▶ **What this task involves**
Every line below needs to be printed again exactly, without any of its pictures.

▶ **Information supplied**
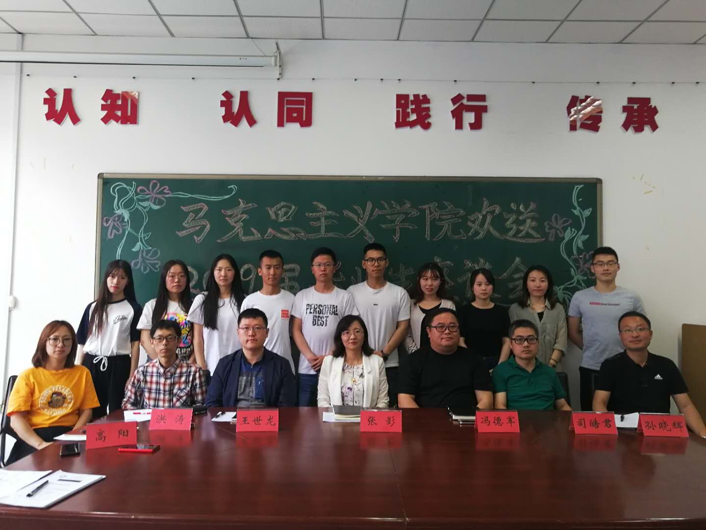 【马克思主义学院】6月17日,马克思主义学院在会议室召开2019届毕业生座谈会。学院党总支书记张影、副院长冯德军、思想政治教育系主任王世龙、思想政治教育系教师司皓君、洪涛、辅导员高阳出席会议,10名2019届优秀毕业生代表参加会议。会议由学工办主任孙晓辉主持。
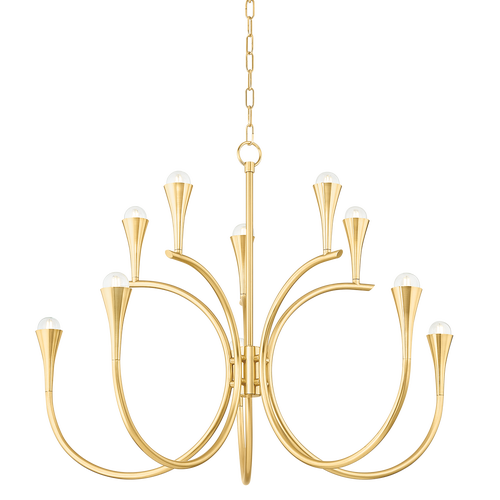 A modern interpretation of an Art Deco chandelier, Aviana makes a dramatic statement. Trumpeting metal shades rise from a swooping frame, filling both vertical and horizontal space with light. The airy, graceful arms feel almost musical, lending this chandelier a dynamic and joyful quality.
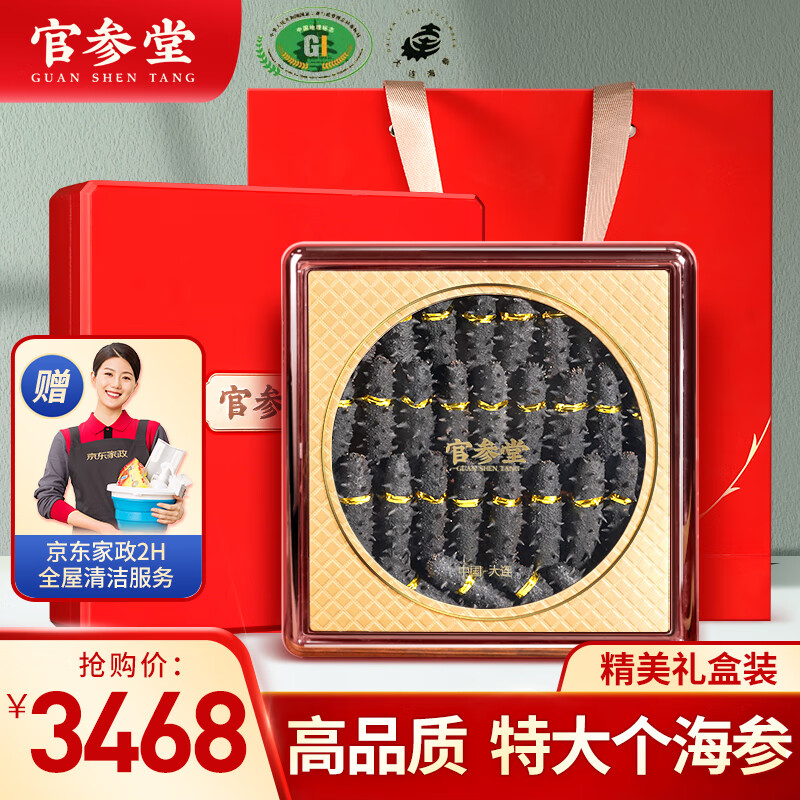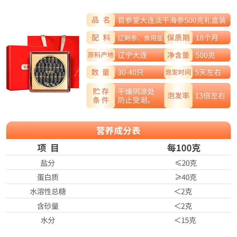 官参堂 大连淡干海参干货 丞甄500g 30-40只 辽刺参海鲜年货礼盒装价格:3468.00元!
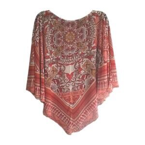 CJ Banks Established 1962 Red Floral Semi-Sheer Poncho Cape Top Womans Plus 2X
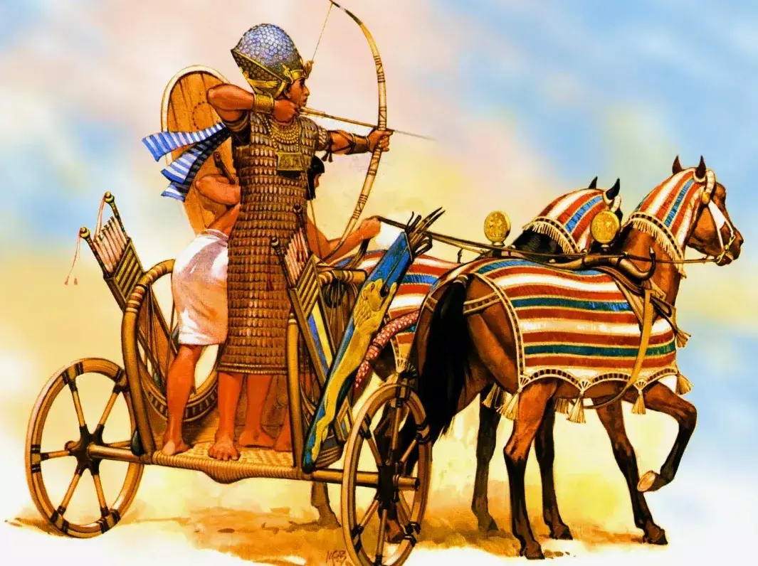 У Египта и Митанни (о них, кстати, можете почитать в моей книжке) были одни из лучших колесниц своего времени. Египтяне заимствовали их у гиксосов, сделав более легкими и маневренными. В сочетании с мощным луком, способным пробивать любую броню того периода, это делало колесничие войска грозной боевой единицей.

▶ **Solution to the problem**
 【马克思主义学院】6月17日,马克思主义学院在会议室召开2019届毕业生座谈会。学院党总支书记张影、副院长冯德军、思想政治教育系主任王世龙、思想政治教育系教师司皓君、洪涛、辅导员高阳出席会议,10名2019届优秀毕业生代表参加会议。会议由学工办主任孙晓辉主持。
 A modern interpretation of an Art Deco chandelier, Aviana makes a dramatic statement. Trumpeting metal shades rise from a swooping frame, filling both vertical and horizontal space with light. The airy, graceful arms feel almost musical, lending this chandelier a dynamic and joyful quality.
 官参堂 大连淡干海参干货 丞甄500g 30-40只 辽刺参海鲜年货礼盒装价格:3468.00元!
 CJ Banks Established 1962 Red Floral Semi-Sheer Poncho Cape Top Womans Plus 2X
 У Египта и Митанни (о них, кстати, можете почитать в моей книжке) были одни из лучших колесниц своего времени. Египтяне заимствовали их у гиксосов, сделав более легкими и маневренными. В сочетании с мощным луком, способным пробивать любую броню того периода, это делало колесничие войска грозной боевой единицей.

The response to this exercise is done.